• **YOUR GOAL**: Taking the data below, please print only the lines from the line holding "SoYoung Raw Linen" to the line holding "[Titanium Gadgets] The", inclusive, with pictures omitted.

• **PROVIDED INFORMATION**:
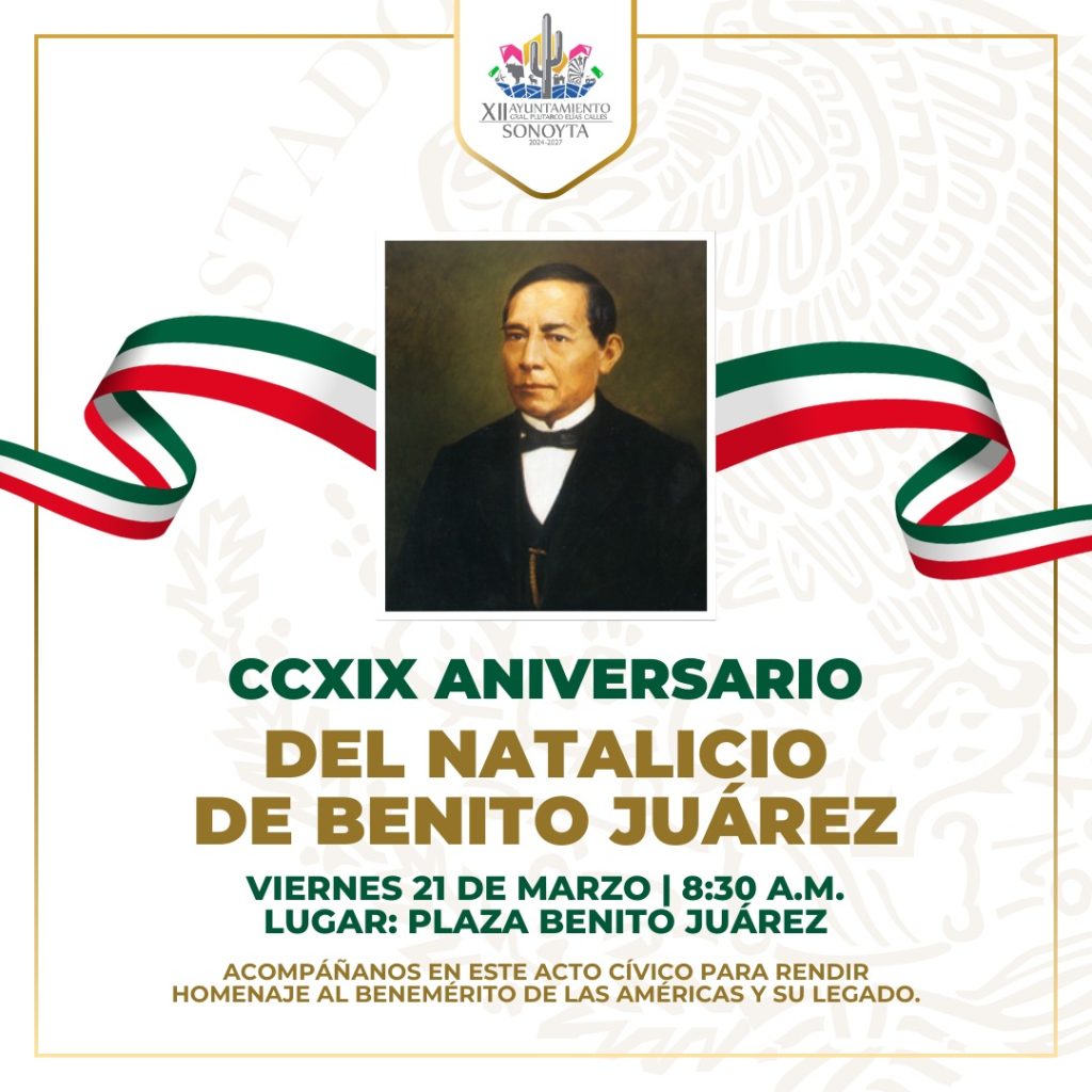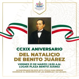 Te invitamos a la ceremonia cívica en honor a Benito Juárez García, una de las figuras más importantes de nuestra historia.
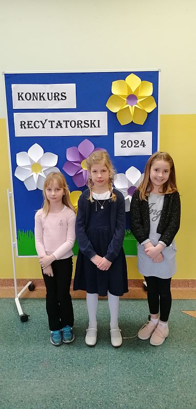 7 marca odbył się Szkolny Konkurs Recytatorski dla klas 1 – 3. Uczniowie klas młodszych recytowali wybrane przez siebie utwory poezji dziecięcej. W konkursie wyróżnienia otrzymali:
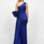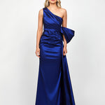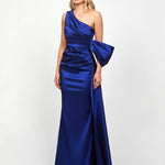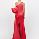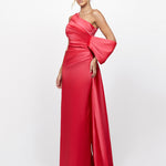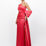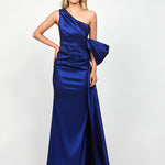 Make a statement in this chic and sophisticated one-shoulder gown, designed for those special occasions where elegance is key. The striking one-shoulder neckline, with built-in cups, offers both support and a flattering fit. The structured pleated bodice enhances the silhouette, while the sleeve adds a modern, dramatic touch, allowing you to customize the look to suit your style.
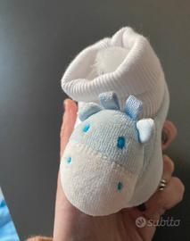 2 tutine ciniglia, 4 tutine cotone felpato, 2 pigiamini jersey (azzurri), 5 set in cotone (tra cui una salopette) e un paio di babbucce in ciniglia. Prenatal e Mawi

--

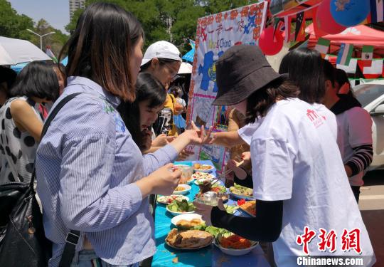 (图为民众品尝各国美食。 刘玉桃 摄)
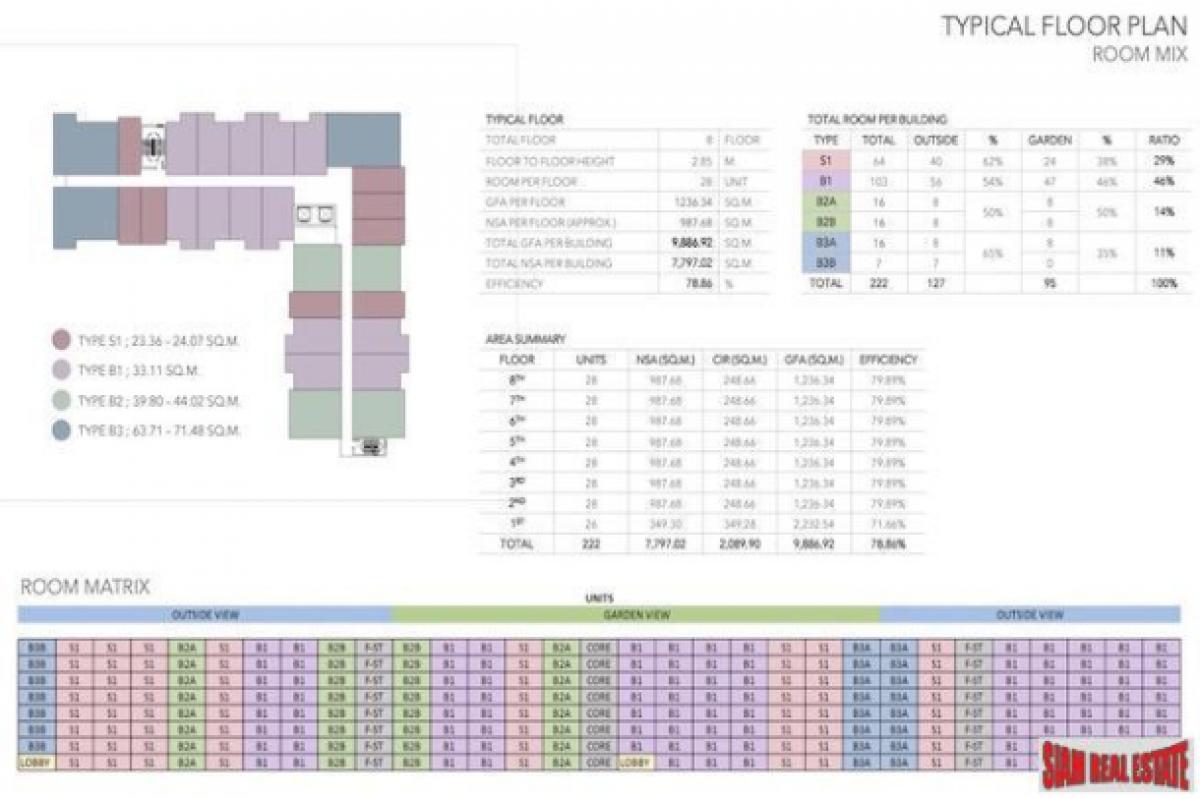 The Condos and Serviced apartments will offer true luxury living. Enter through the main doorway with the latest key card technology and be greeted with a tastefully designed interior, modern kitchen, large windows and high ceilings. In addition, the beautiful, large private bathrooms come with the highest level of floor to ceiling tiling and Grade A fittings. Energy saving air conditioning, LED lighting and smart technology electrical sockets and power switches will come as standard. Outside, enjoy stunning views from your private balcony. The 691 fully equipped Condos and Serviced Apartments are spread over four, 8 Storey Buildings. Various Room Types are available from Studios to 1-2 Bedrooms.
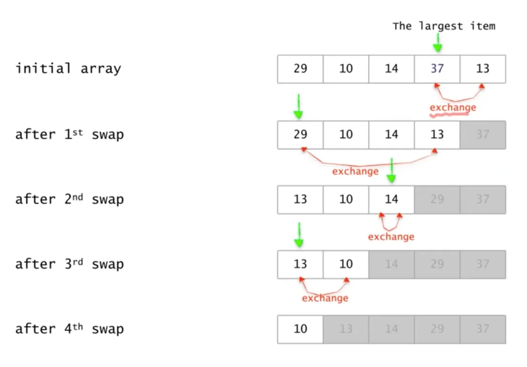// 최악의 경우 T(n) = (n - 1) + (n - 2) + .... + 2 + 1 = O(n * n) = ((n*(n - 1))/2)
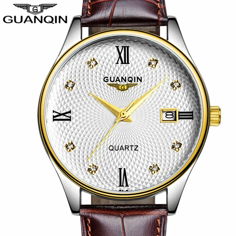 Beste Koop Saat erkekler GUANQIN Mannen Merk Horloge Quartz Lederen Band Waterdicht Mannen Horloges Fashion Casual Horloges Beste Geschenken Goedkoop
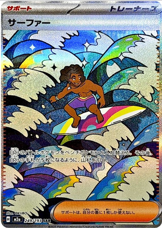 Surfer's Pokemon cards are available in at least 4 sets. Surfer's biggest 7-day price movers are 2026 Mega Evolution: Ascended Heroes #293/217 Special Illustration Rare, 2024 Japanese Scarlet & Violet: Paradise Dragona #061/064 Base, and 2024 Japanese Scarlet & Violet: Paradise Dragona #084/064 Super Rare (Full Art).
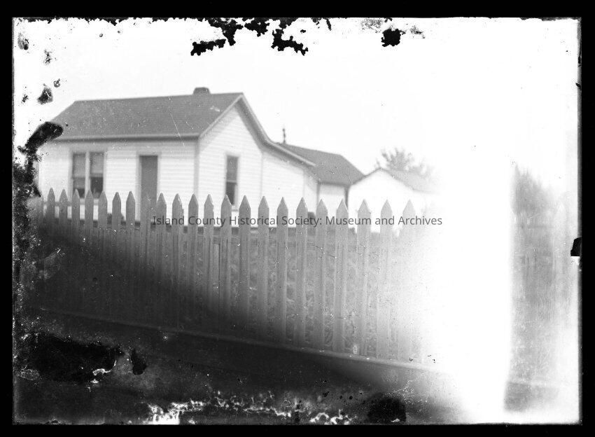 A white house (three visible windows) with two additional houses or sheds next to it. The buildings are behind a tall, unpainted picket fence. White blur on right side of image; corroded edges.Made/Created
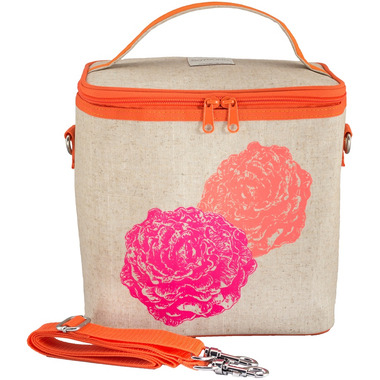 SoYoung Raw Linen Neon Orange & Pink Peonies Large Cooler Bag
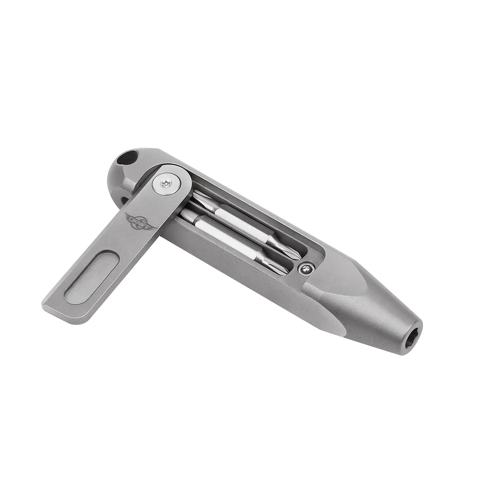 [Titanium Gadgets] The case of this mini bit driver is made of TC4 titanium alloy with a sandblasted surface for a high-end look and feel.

--

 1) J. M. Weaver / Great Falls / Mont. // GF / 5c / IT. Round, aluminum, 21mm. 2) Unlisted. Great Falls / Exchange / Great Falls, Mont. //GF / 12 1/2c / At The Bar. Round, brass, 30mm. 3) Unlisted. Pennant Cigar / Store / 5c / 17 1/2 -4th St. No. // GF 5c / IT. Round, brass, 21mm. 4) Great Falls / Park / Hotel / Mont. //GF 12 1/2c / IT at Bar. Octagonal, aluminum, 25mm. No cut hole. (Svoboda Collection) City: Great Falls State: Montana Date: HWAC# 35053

• **RESPONSE AREA**:
 SoYoung Raw Linen Neon Orange & Pink Peonies Large Cooler Bag
 [Titanium Gadgets] The case of this mini bit driver is made of TC4 titanium alloy with a sandblasted surface for a high-end look and feel.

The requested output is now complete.